Let's write wave functions in these three regions for a level of energy $-E, E>0$. The corresponding exponent of wavefunction is $q = \sqrt{\frac{2 m E}{\hbar^2}}$:

1. Region 1: $x < -a$ $$ \Psi_1(x) = A \exp(qx). $$

2. Region 2: $-a < x < a$ $$ \Psi_2(x) = B \exp(qx) + C \exp(-qx); $$

3. Region 3: $x > a$ $$ \Psi_3(x) = D \exp(-qx); $$

Then we match boundary conditions at $x= -a$:

• wavefunction continum $\Psi_1(-a) = \Psi_2(-a) $ $$ A \exp(-qa) = B \exp(-qa) + C \exp(qa); \tag{1} $$
• First directive discontium $ \Psi_2'(-a) -\Psi_1'(-a) = -\frac{2 m \alpha}{\hbar^2} \Psi(-a)$

$$ B \exp(-qa) - C \exp(qa) - A \exp(-qa) = -\frac{2 m \alpha}{\hbar^2 q} A e^{-qa} ; \tag{2} $$

Similarly, for the boundary condition at $x = a$:

$$ D \exp(-qa) = B \exp(qa) + C \exp(-qa);\tag{3} $$

$$ - D \exp(-qa) - B \exp(qa) + C \exp(-qa) = -\frac{2 m \alpha}{\hbar^2 q} D e^{-qa}; \tag{4} $$

Solve these equation. Eq(1) + Eq(2): $$ 2 C e^{2qa} = \frac{2 m \alpha}{\hbar^2 q} A $$ And Eq.(3) + Eq.(4)
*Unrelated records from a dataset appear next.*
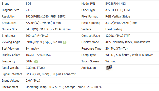 Active Area:527.04(W)*296.46(H) mm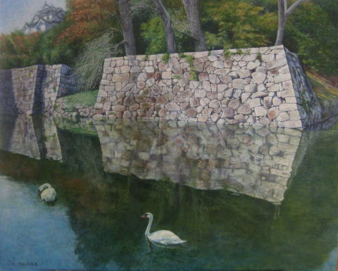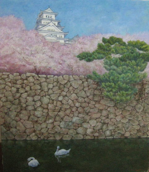 歴史を感じる石垣、淀んだ堀の緑に白鳥と、満開の桜の中に白く輝く城郭の風景です。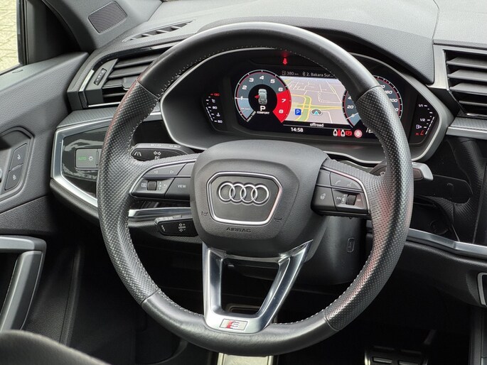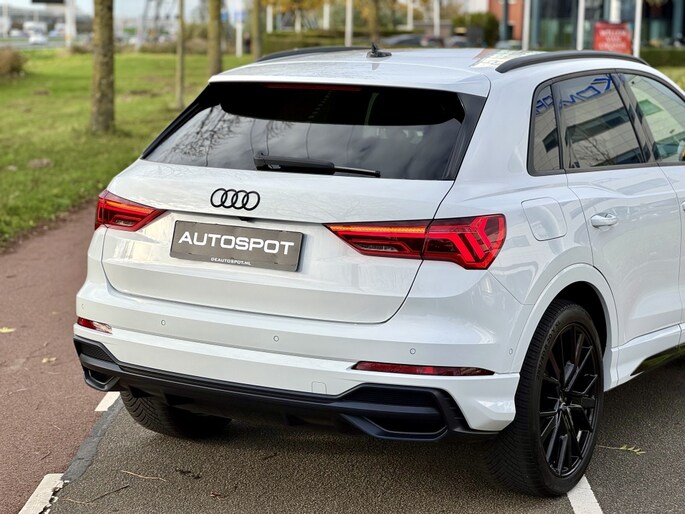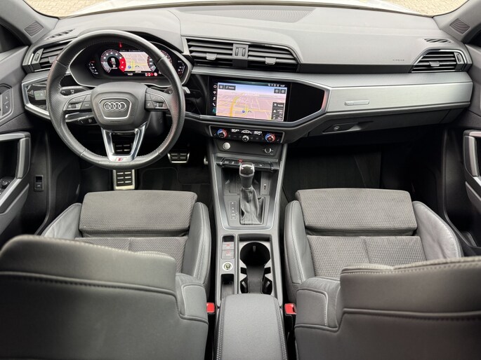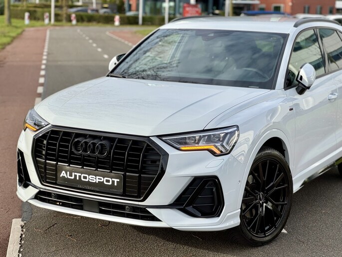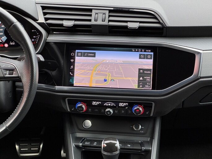 Audi Q3 35 Tfsi e 150 Pk 2x S-Line S-Tronic 05-2019 met slechts 64Dkm Gletjer Wit Metallic Alle Opties: Matrix Koplampen Navigatie MMI Plus Leder/Alcantara Elektrisch Verstelbare Sportstoelen S-Line Sportstuur ACC Adaptieve Control Lane Assist Dodehoek Assistent Blind Spot Drive Select Instelbaar Ambiance Verlichting Achteruitrij Camera Parkeer Assistent Parkeersensoren V+A Climate Control Standkachel Interieurverwarming 3 Zone S-Line Interieur/Exterieur Pakket Stoelverwarming Zwarte Hemel Telefoon Lader Bluetooth Telefoon Radio DAB Ontvanger Elektrisch Inklapbare Trekhaak Spiegels Elektrisch Inklapbaar Lederen Int Delen Elektrische Achterklep Dynamische Achterlichten (zandlopers) 20 Inch Audi Sport Velgen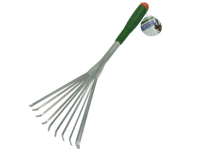 A perfect tool for the gardening enthusiast, this Gardening Hand Rake is small enough to get between bushes, shrubs and flower beds. Each rake has eleven spaced out prongs and a grooved plastic handle with a hanging hole for easy storage. Each rake measures approximately 16 1/2" long and 6 1/4" wide. Comes packaged with a hang tag.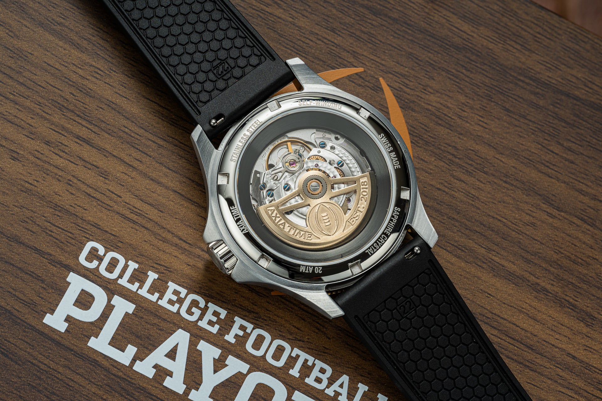 A sapphire crystal caseback displays the Sellita SW200, a decorated 26-jewel, self-winding automatic movement that operates at a frequency of 28,000 VpH (4Hz) and boasts a power reserve of 38 hours.

$$ 2 B e^{2qa} = \frac{2 m \alpha}{\hbar^2 q} D $$

Using these two equation to substittute the $A$ and $D$ in Eq. (1) and Eq. (3):

$$ B e^{-qa} + (1 - \frac{\hbar^2 q}{m \alpha}) C e^{qa} = 0; \\ (1 - \frac{\hbar^2 q}{m \alpha}) B e^{qa} + C e^{-qa} = 0. \tag{5} $$

The energy equation is the determinant of $2\times 2$ matrix vanishes:

$$ (1 - \frac{\hbar^2 q}{m \alpha})^2 e^{2qa} = e^{-2qa} $$

Take square root of the above equation:

$$ (1 - \frac{\hbar^2 q}{m \alpha}) = \pm e^{-2qa} $$

From Eq.(5), we observe that the positive sign renders a solution $B= -C$, therefore an odd solution. And the negative sign renders $B = C$, an even solution.